>>>>>

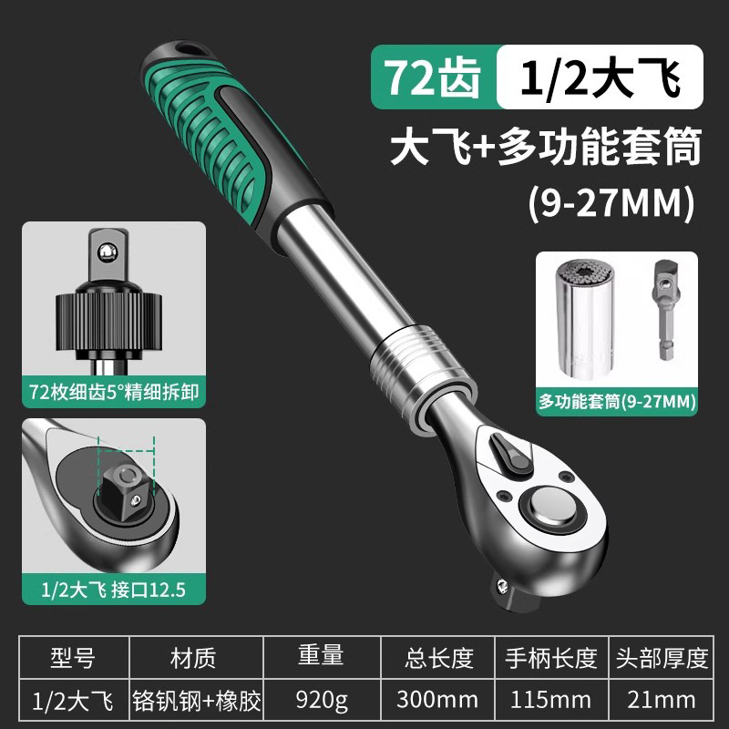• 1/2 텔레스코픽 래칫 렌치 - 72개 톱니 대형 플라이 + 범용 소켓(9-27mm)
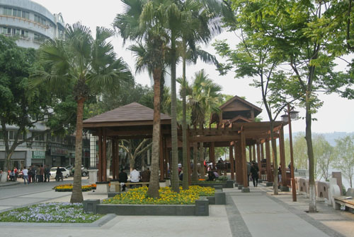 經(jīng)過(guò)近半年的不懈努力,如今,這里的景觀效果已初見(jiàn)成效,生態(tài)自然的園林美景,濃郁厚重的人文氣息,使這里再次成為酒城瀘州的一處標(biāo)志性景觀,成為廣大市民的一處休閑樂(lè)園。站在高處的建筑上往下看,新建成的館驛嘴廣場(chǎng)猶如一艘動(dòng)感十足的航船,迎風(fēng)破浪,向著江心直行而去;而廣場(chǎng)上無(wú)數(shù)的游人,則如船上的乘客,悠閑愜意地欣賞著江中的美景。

<<<<<
>>>>>

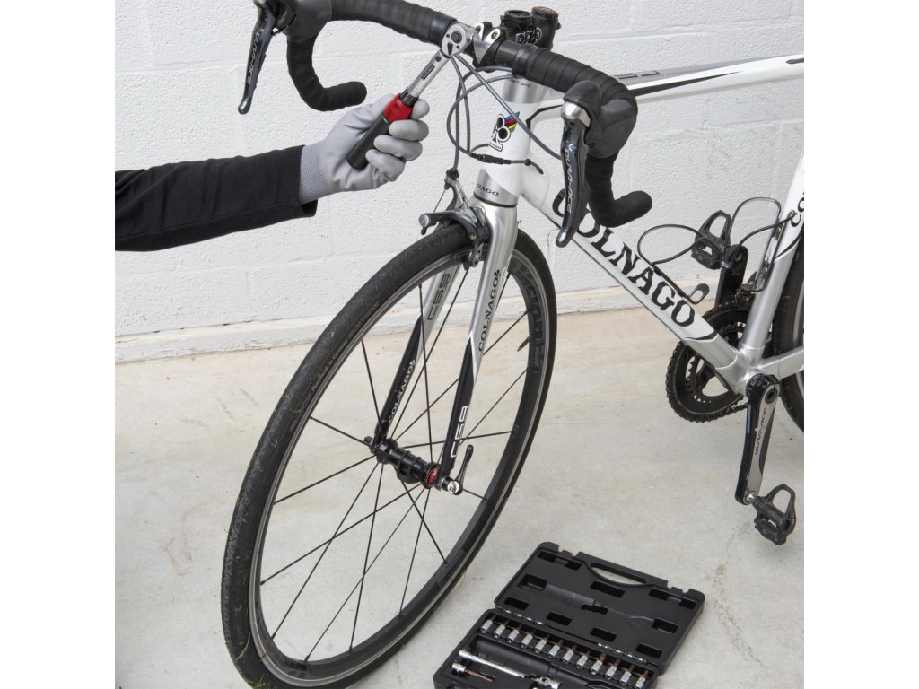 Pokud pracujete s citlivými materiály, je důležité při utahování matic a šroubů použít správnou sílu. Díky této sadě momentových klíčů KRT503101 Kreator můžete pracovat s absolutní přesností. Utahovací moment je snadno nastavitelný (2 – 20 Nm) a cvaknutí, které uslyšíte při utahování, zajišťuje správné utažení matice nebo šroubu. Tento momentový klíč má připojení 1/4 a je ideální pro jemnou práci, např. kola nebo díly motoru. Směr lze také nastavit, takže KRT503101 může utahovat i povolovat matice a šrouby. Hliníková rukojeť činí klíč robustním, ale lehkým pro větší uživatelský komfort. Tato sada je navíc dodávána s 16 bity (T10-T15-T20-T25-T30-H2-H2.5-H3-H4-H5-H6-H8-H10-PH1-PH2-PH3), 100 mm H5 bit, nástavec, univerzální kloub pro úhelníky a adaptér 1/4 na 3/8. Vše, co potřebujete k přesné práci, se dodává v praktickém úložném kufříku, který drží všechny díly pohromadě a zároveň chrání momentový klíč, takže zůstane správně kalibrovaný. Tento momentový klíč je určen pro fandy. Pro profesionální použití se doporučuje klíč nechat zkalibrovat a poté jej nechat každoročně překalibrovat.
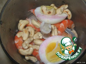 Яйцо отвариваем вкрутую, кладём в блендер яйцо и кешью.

<<<<<
>>>>>

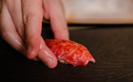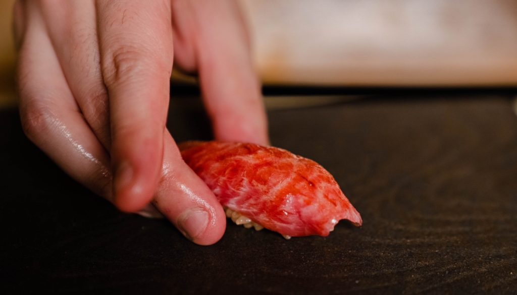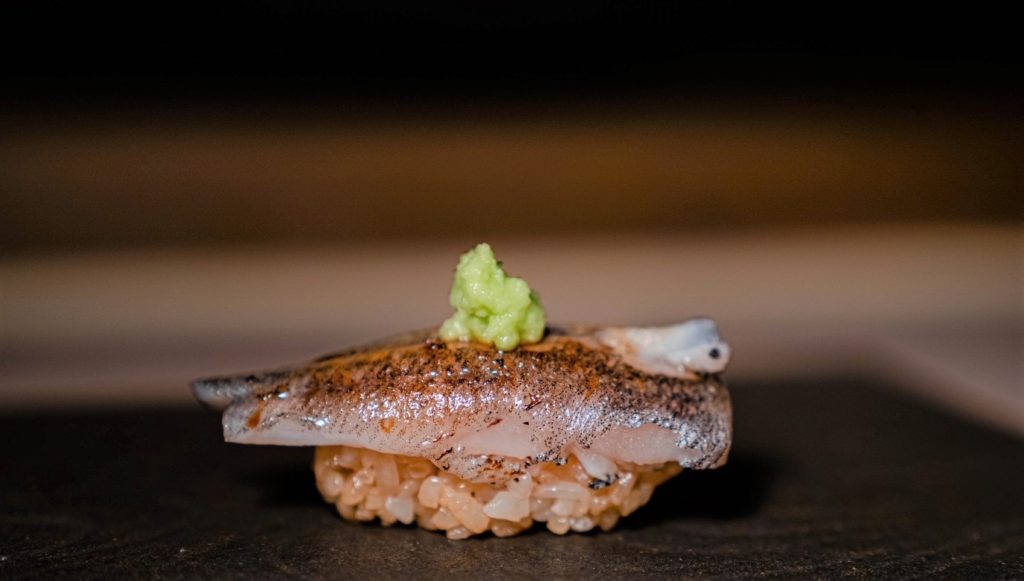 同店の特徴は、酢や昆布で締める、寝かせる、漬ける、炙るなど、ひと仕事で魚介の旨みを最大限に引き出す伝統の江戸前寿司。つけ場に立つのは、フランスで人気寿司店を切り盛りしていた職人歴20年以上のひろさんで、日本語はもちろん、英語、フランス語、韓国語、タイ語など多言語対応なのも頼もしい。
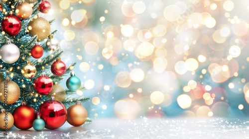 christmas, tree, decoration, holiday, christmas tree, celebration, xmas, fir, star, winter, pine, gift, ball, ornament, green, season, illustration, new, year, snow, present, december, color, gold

<<<<<

WORK TO BE COMPLETED: Excluding any pictures, print exactly the lines of the listing above from the line with "플라이 + 범용 소켓(9-27mm)" to the line with "經(jīng)過(guò)近", both ends included.

SOLUTION TO THE PROBLEM:
• 1/2 텔레스코픽 래칫 렌치 - 72개 톱니 대형 플라이 + 범용 소켓(9-27mm)
 經(jīng)過(guò)近半年的不懈努力,如今,這里的景觀效果已初見(jiàn)成效,生態(tài)自然的園林美景,濃郁厚重的人文氣息,使這里再次成為酒城瀘州的一處標(biāo)志性景觀,成為廣大市民的一處休閑樂(lè)園。站在高處的建筑上往下看,新建成的館驛嘴廣場(chǎng)猶如一艘動(dòng)感十足的航船,迎風(fēng)破浪,向著江心直行而去;而廣場(chǎng)上無(wú)數(shù)的游人,則如船上的乘客,悠閑愜意地欣賞著江中的美景。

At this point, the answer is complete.